Dear Dr. G,

I am a responsible young man who had my sexual debut late in life, compared with my university peers, most seemed to have started even before university.

Perhaps I am a bit conservative, but I am definitely very cautious.

I read a lot about the undesirable outcome of sexual activities; I certainly do not want to end up being a parent at this stage of my life.

I am terrified of getting sexually transmitted infections such as HIV and syphilis.

I met a girl in university and after courting for several months, we started having sex with the protection of condoms.

The experience of sourcing the condom is very embarrassing.

Of course, being fearful of pregnancy and diseases, I opted for the safest rubber.

People often describe using a condom as “like taking shower with a raincoat on” or “eating candy with the wrapper on.” The safe rubber I used was just like that.

I am keen to venture into other forms of rubbers and would like to put Dr. G on the spot for some assistance.

Can you tell me how many types of condoms there are in the market?

What are the advantages and disadvantages of different materials?

What about novelty condoms?

Do they really work and not compromise on safety?

I am really hoping you can enlighten me with the idea of “mixing business with pleasure” for rubber.

Yours truly,

Pleasure Pete

Male condoms are undoubtedly the safest and overall effective form of birth control, withstanding 98% in preventing pregnancy when used correctly. More importantly, the protection against sexually transmitted infections through bodily fluids including semen, vaginal secretion and blood is paramount. Although total protection against some sexually transmitted infections such as Herpes and HPV may not be possible, this barrier technique is proven to prevent near complete spread of gonorrhea, chlamydia, HIV and syphilis.

Standard latex condoms are the most common type of rubber and most reliable choice for protection. Latex is non-porous material that has the tensile strength to withstand the vigor of strenuous sex. However, the protective effect of latex will be compromised with the usage of lubricants, massage oil, and spermicide. In addition, irritation and allergy induced by latex is also quite common.

Non-latex condoms can be natural or man-made. These include lambskin, nitrile, and polyurethane. The non-latex sheaths are known to have less tensile strength and can easily break, clearly lowering the effectiveness. Natural condoms such as lambskin are in fact made from the lining of animal guts. While the material may feel more natural and increase sensitivity during sex, these porous material can allow sperms and viruses such as HIV and herpes to be transmitted. Therefore, the usage of these natural condoms is often deemed ineffective.

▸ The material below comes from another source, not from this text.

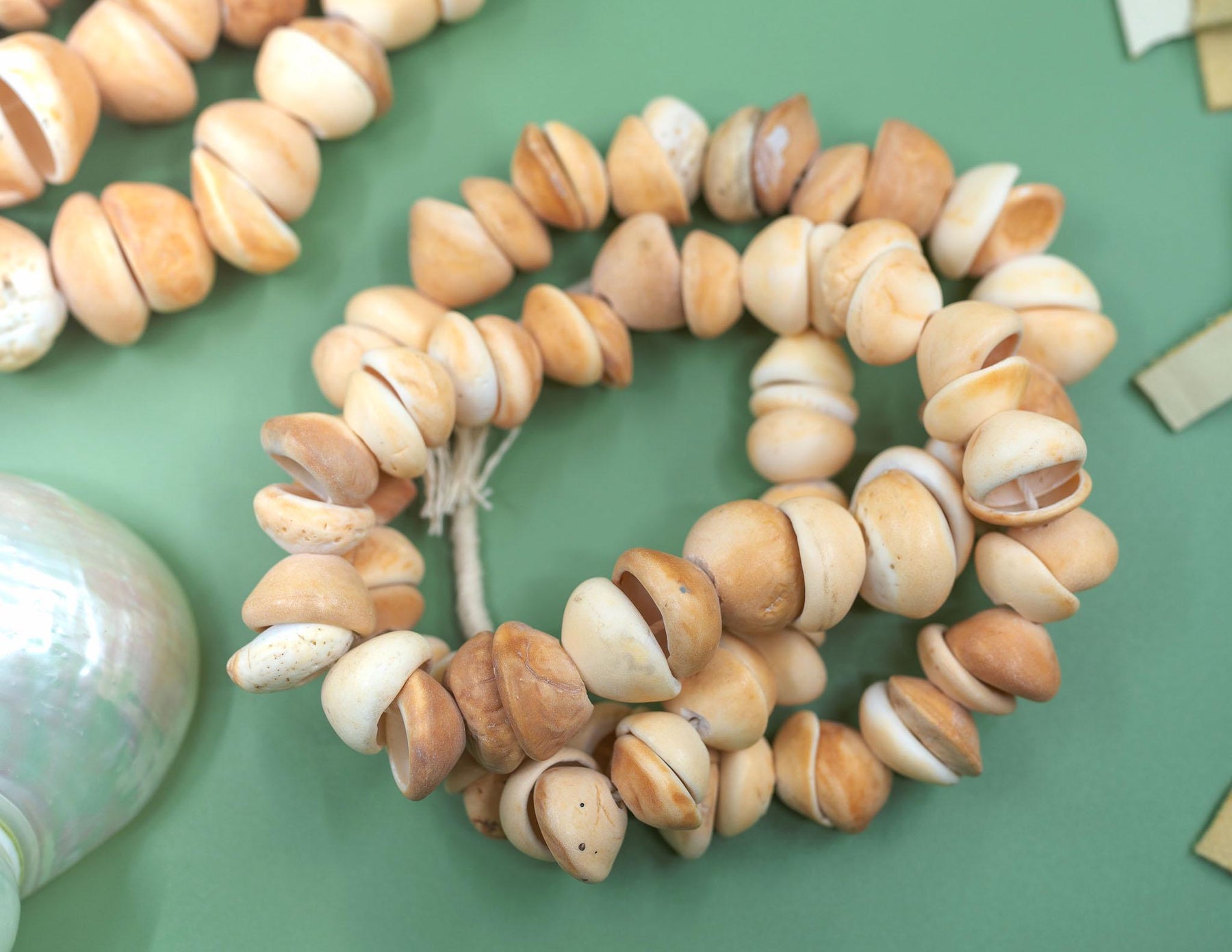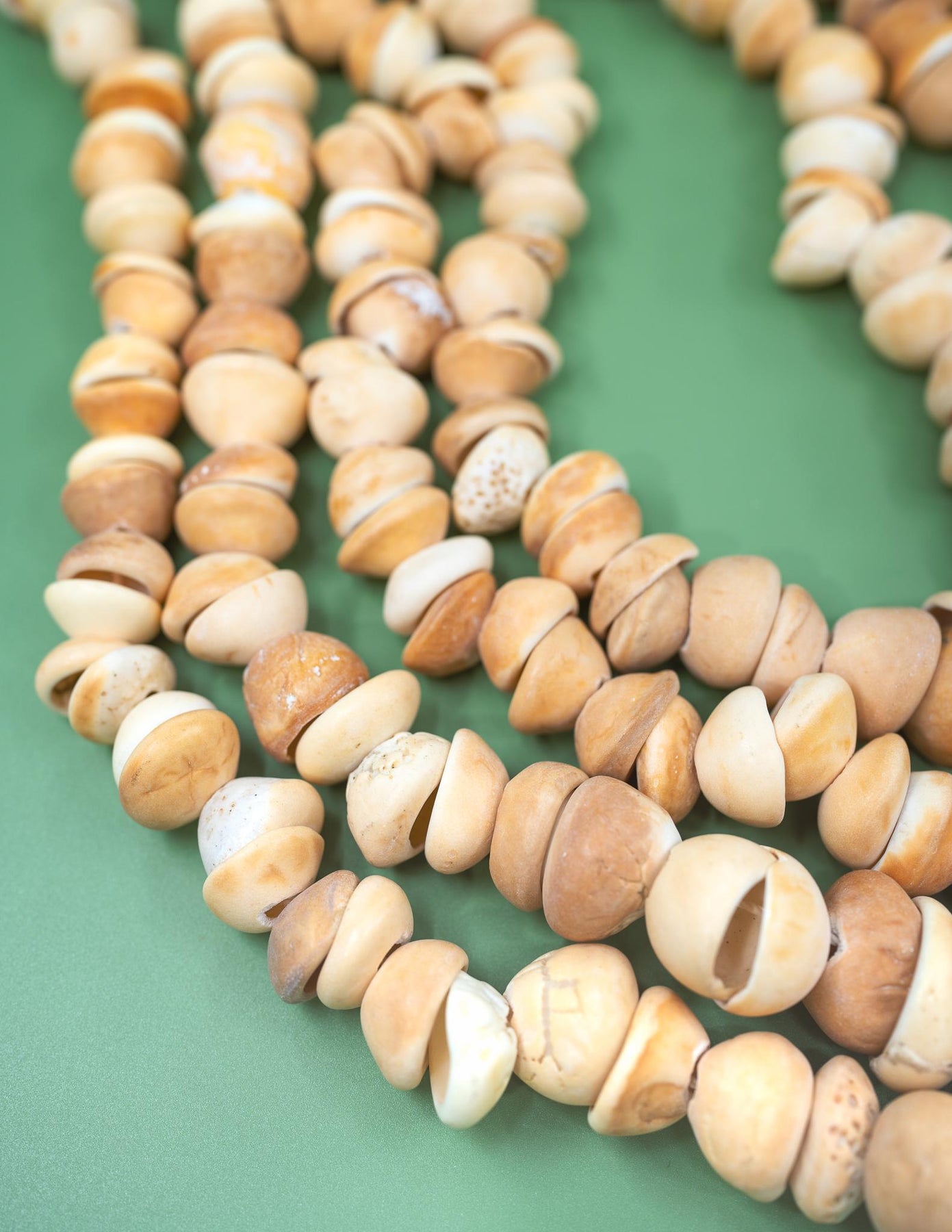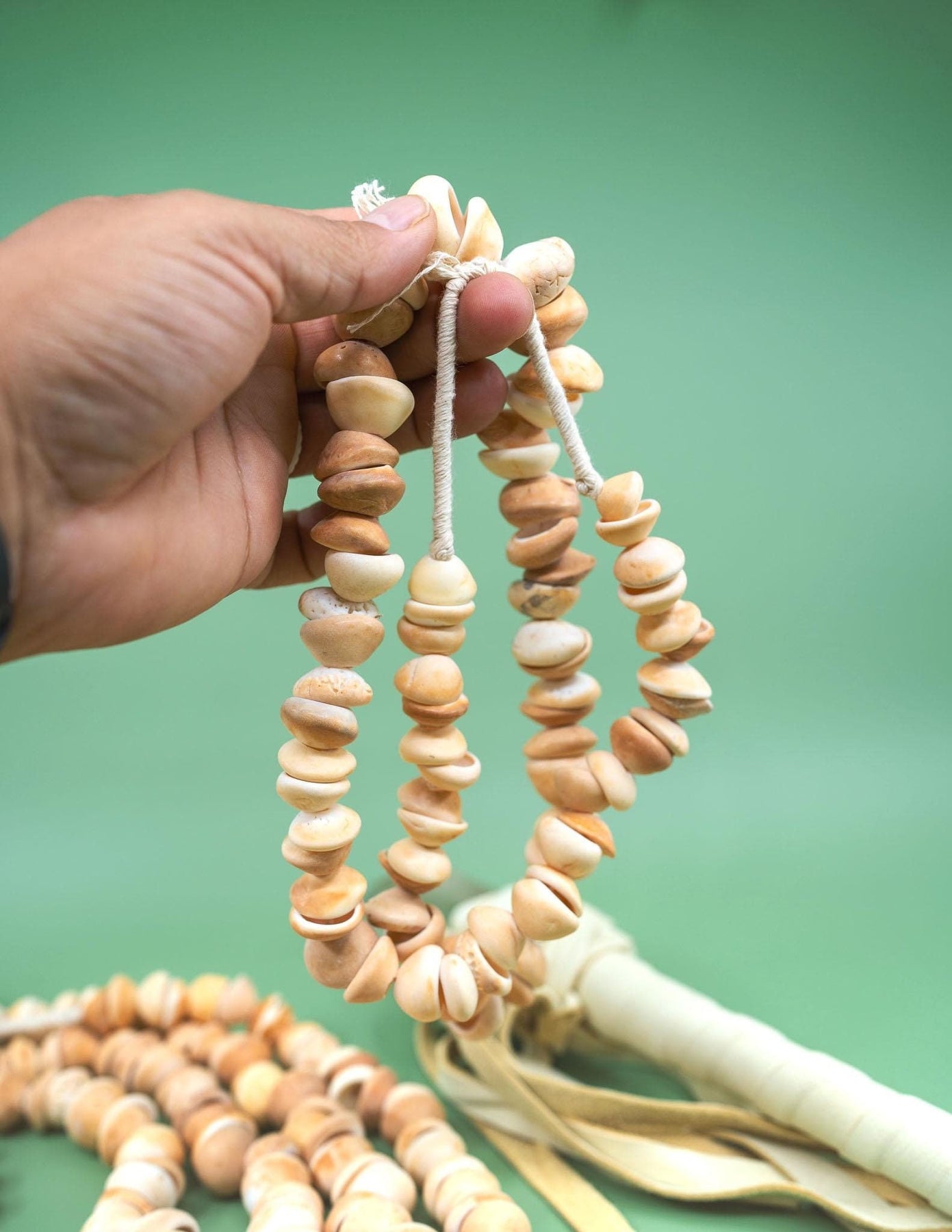 African Cone Shell Beads Necklace - 31 Inches, 80 plus beads | Unique Hand-Drilled Light Brown Shell Beads, African Seashells

The manufacturers are constantly researching to provide condom that is safe and pleasure giving. This ensures the barrier is like “having your cake and eating it too”, or “tasting the sweetness of candies even with the wrappers on”. Flavoured condoms are literally adding the extra flavor to couples’ sex lives. The effectiveness of such condoms is generally uncompromised, as most of them are just latex sheaths covered with tasty coating. This is especially welcome for partner who prefers barriers even during oral sex.

The textured, bumpy, ribbed, and stubbed rubbers are other creative condoms that promise to turn mundane lives into bumpy pleasure rides. The ribbed condoms are designed with extra bumps and ridges intended to stimulate the G spot in women, providing extra stimulation. It is believed 30% of women are unable to achieve orgasm from intercourse alone and the extra frictions from the designer condoms may help. Other textured rubbers including two-fold condoms are customised with variation of ribs at the top and studded base to enhance sensitive areas of the genitalia for both men and women. The intended benefit of textured condoms is to generate extra frictional contacts during intercourse; however, some couples may find the ridges, bumps, and studs painful rather than pleasurable. There is no robust scientific data to support or dispute the painful or pleasurable effect of novelty condoms.

Finally, one form of novelty condoms is glow-in-the dark rubbers that are typically latex, that are coated with a luminous chemical that is activated by the exposure to light. Such novelty condoms may not spark the lovemaking into luminous fireworks, it can guarantee some giggles between the sheets.

With the emergence of novelty condoms, many manufacturers have designed the condoms for the sole purpose of sexual stimulation, rather than protection. Therefore, for consumers who are curious to put on a fun rubber to embark on the pleasure rides, it is vital to utilise trusted brands that guarantees STI’s and pregnancy protections. Curiosity and open communications of attempting novelty condoms can even make “having shower with the raincoat on” pleasurable. Wes Craven, the famous creator of A Nightmare on Elm Street once said: “You learn a lot more from those bumps than from when things are going great!”